To reach the zero line outside Marinka, Ukrainian soldiers must cross a network of trenches in the rear, through gaps left for tanks and through destroyed villages.
The trenches are built with curves contain an explosion in the event of a falling mortar or shell.
In some places, nets and brambles are placed to hide the outlines.
Ukrainian soldiers, intimately familiar with geography, have observers constantly alert to threats.
In quiet moments – and even in the most fought-over corners of Ukraine a lot of time is spent waiting for the next paroxysm of violence – soldiers eat from cans and stand guard over what they call the “Ukrainian war cats“who patrol the trenches for rats.
Although the front line stretches more than 600 miles, both armies have dug thousands of miles of trenches, tiered so that if the fence falls, soldiers can retreat to safer positions.
In addition to small-scale assaults, Russia has been trying for weeks to break through Ukrainian lines with more comprehensive attacks that include armored columns.
Shortly after the Times’ visit, reconnaissance units from the 79th Brigade detected movements of Russian tanks and armored vehicles in the vicinity.
The Russians tried to go around the flanking trenches to “launch a mass assault“, according to a statement from the brigade.

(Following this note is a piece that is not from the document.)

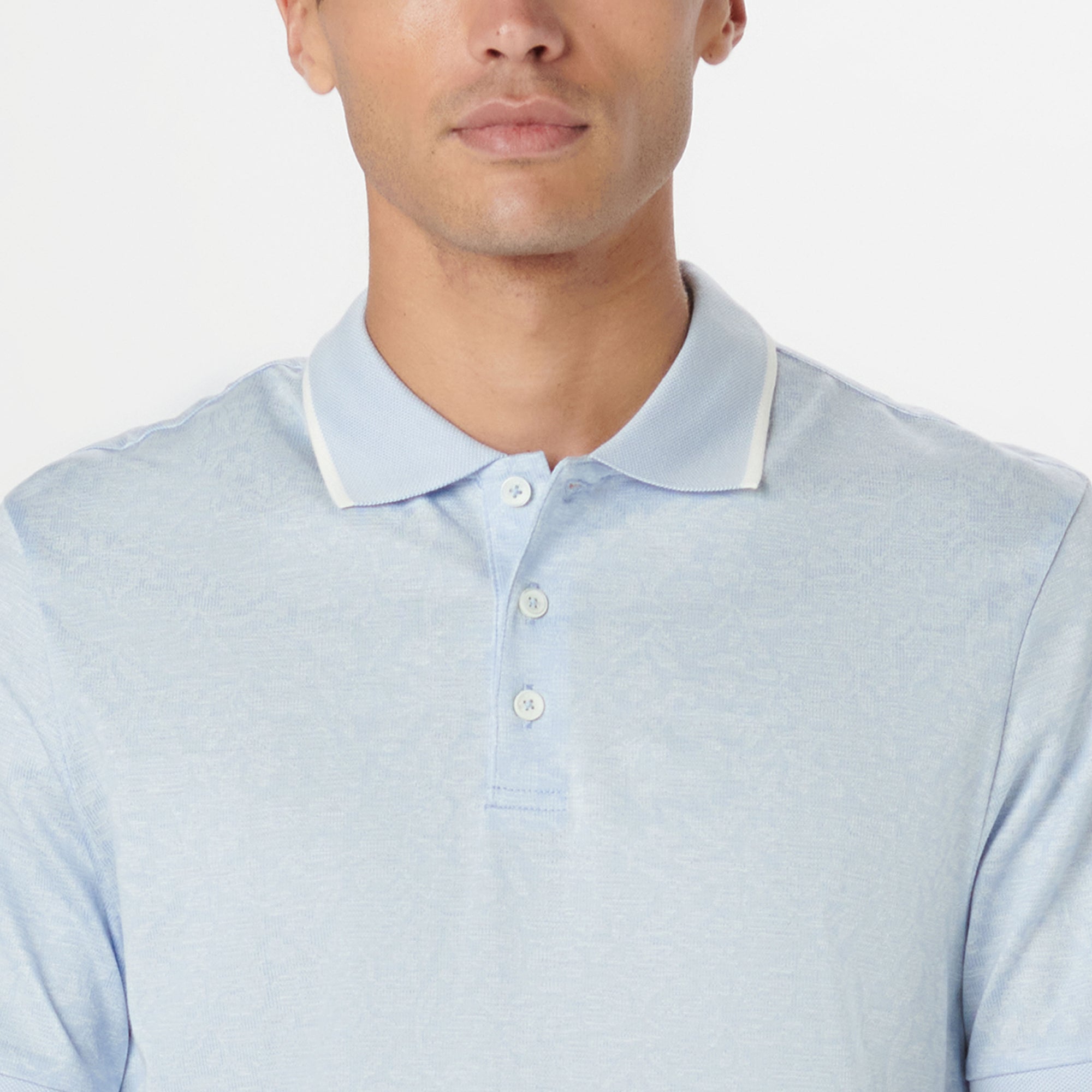 This short-sleeved polo shirt in Soft Touch cotton blend features a floral jacquard pattern, a three button placket and a touch of contrast with tipping detail on the two-tone bird's eye collar and armbands. Versatile and refined, this polo shirt balances casual and elegant and is perfect for any occasion.

But they were surprised, and the paratroopers using Javelin anti-tank missiles damaged several Russian tanks and infantry fighting vehicles, the demolition captured in video released by the brigade.
Back in the trenches, the soldiers know the Russians will keep coming.
And they say they are prepared for the day when they themselves will go on the attack.
Source: Clarin
Mary Ortiz is a seasoned journalist with a passion for world events. As a writer for News Rebeat, she brings a fresh perspective to the latest global happenings and provides in-depth coverage that offers a deeper understanding of the world around us.